**Task:** Please repeat, exactly and without pictures, the lines of the entries below that run from the one containing "حذر الشاعر عبدالله" through the one containing "电商在售秋冬新款韩版新年红星星提花毛衣学院风针织衫...".

**Material provided:**
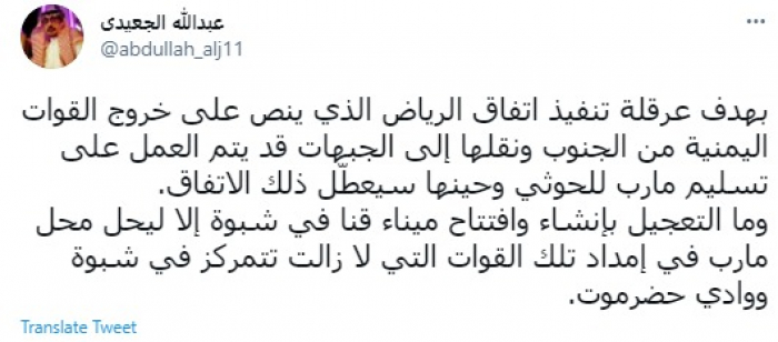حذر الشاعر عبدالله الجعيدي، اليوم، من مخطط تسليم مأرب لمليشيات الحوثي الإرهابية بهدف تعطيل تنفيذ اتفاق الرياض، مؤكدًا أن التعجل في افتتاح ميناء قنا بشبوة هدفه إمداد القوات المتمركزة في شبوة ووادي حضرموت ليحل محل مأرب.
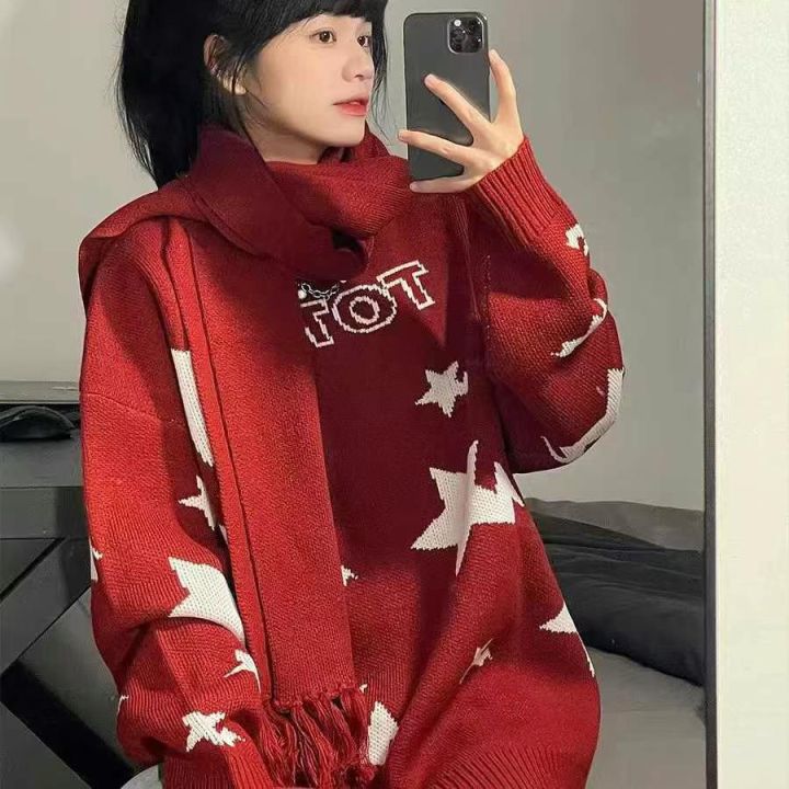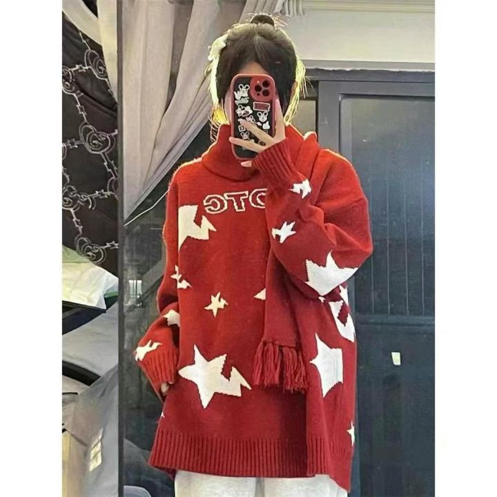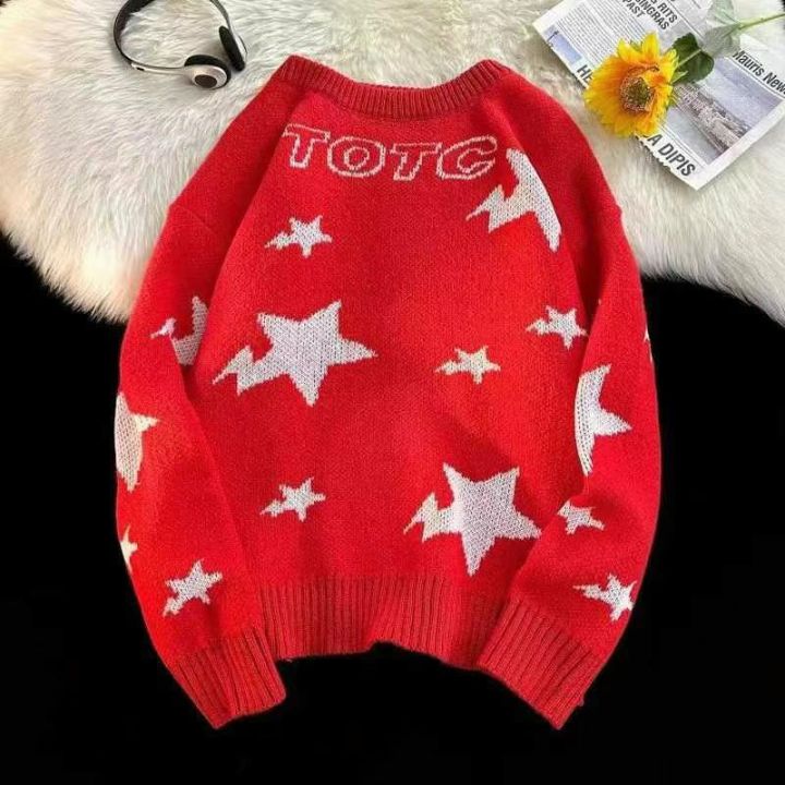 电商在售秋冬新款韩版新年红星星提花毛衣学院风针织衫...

==

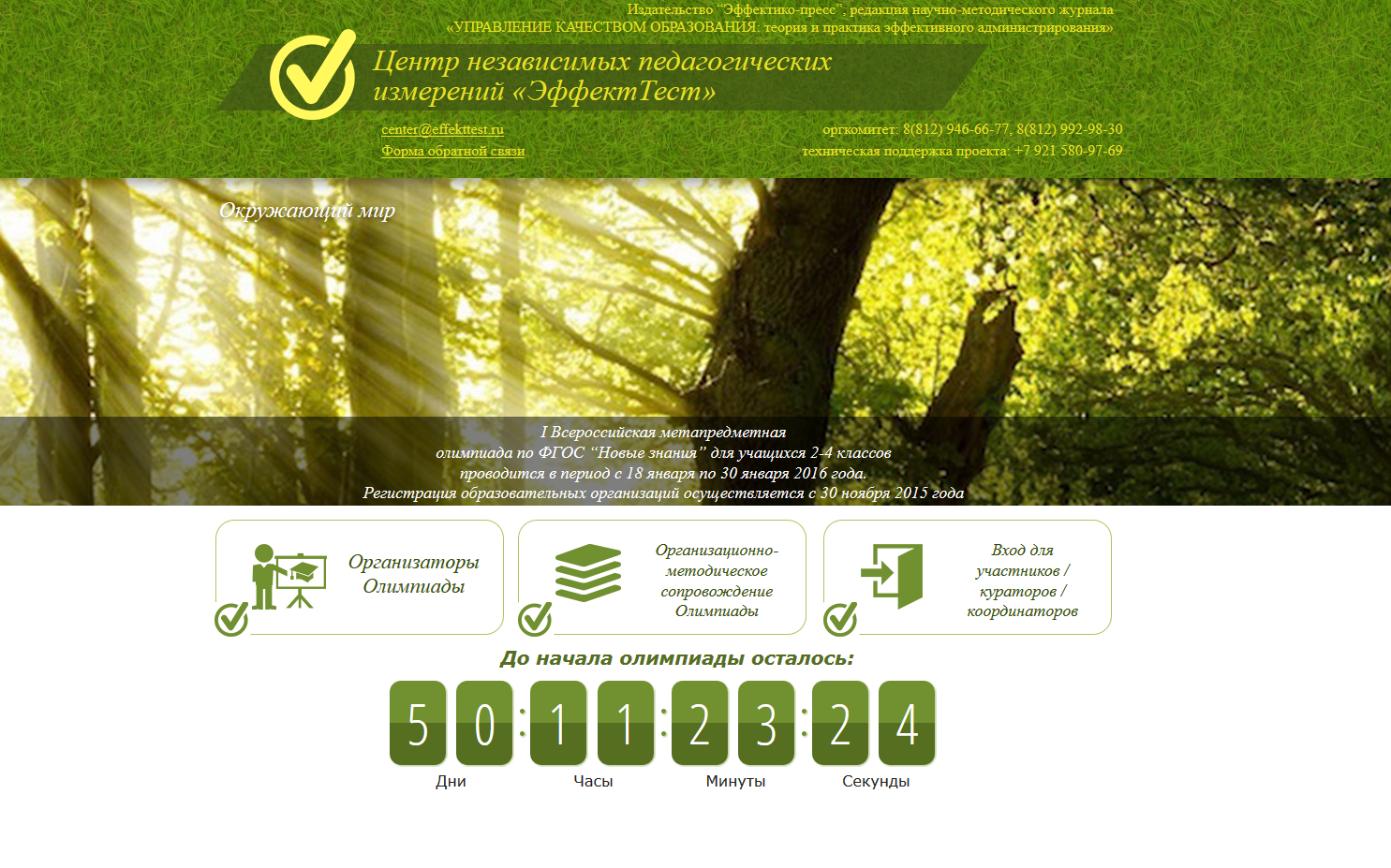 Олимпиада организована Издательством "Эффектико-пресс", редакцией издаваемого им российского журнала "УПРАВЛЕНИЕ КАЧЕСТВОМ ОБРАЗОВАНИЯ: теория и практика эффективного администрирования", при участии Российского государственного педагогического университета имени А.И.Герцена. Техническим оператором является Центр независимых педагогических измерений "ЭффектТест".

**Output for this exercise:**
حذر الشاعر عبدالله الجعيدي، اليوم، من مخطط تسليم مأرب لمليشيات الحوثي الإرهابية بهدف تعطيل تنفيذ اتفاق الرياض، مؤكدًا أن التعجل في افتتاح ميناء قنا بشبوة هدفه إمداد القوات المتمركزة في شبوة ووادي حضرموت ليحل محل مأرب.
 电商在售秋冬新款韩版新年红星星提花毛衣学院风针织衫...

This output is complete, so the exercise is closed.